Recently, the Santa Fe Public Schools entered into a settlement agreement with the U.S. Department of Education’s Office for Civil Rights, acknowledging that individuals with visual or hearing limitations and those with disabilities affecting fine motor control may not have been able to access some of the content and features on the district’s website.

The school district agreed to be monitored by the office and to take several steps to improve accessibility of its website, including auditing all new online content to ensure it is fully accessible, posting a notice to people with disabilities about how to access current content and providing website accessibility training to personnel.

The Americans with Disabilities Act and the Rehabilitation Act of 1973 require that state and local governments and businesses provide individuals with disabilities equal access to programs, services and activities — unless doing so would fundamentally alter the nature of their programs.

The Department of Justice is considering revising the regulations to establish specific technical accessibility requirements regarding services available on the web. Written comments on the plan must be submitted by Oct. 7.

Even without the new regulations, government agencies will have to ensure their web content is accessible using the minimum accessibility standards, such as the W3C’s Web Content Accessibility Guidelines, which were referenced by the Education Department’s Office for Civil Rights in its recent settlement with the Santa Fe schools and others.

A 2015 national survey of people with disabilities, funded by the Office of Disability Employment Policy, found that 50.3 percent of participants had used the internet and social media when searching for a job, yet 43 percent had issues with online job applications that relied only on images and graphics to convey key information — with no alternative text for people using screen readers.



According to WebAim.org, a web accessibility training program at Utah State University, adding alternative text (Alt Text) for images is the first principle of web accessibility.

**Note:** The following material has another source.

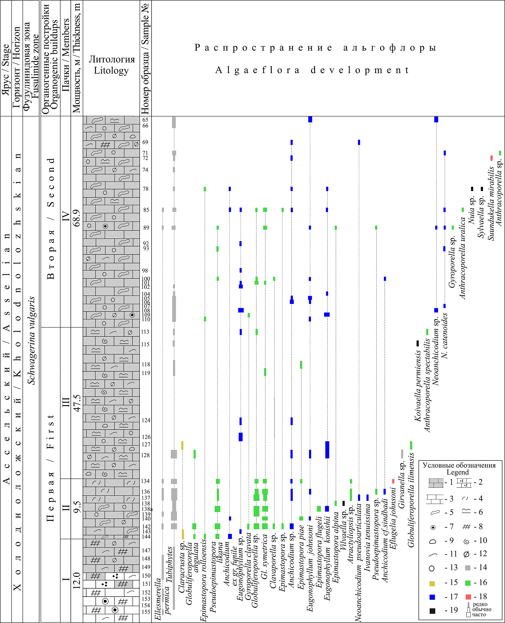 1—3 — types of limestones: 1 — biocementolites, 2 — clotty, 3 — bioclastic; 4—19 — organic remains: 4 — bioclasts, 5 — algae, 6 — Palaeoaplysina, 7 — crinoids, 8 — bryozoans, 9 — ostracods, 10 — goniatites, 11 — brachiopods, 12 — fusulinides, 13 — small foraminifera, 14 — cyanobacteria, 15 — green algae of the order Siphonocladales, 16 — green algae of the order Dasycladales, 17 — green algae of the order Siphonales, 18 — red algae, 19 — incertae sedis

Alt Text describes any image on a web page for users who aren’t able to see them. The description is read by screen readers.

Screen readers and voice-to-text software are used by individuals with a range of disabilities to navigate the internet, compose a document and read.

While the W3C’s Web Content Accessibility WCAG 2.0 Guidelines are widely considered to be the prevailing standard for web accessibility, they are also known to require a very high degree of specialized expertise to implement.

According to the article “DOJ Creates Web Accessibility Minefield,” published in Business Law Today by the American Bar Association, businesses with public-facing websites should develop and implement a plan to conform core website functions to WCAG 2.0 within a reasonable time.

They should also make accessibility a part of their website development process by training employees, building internal expertise and ensuring that their contracts include appropriate representations and warranties for conformance with prevailing web accessibility standards.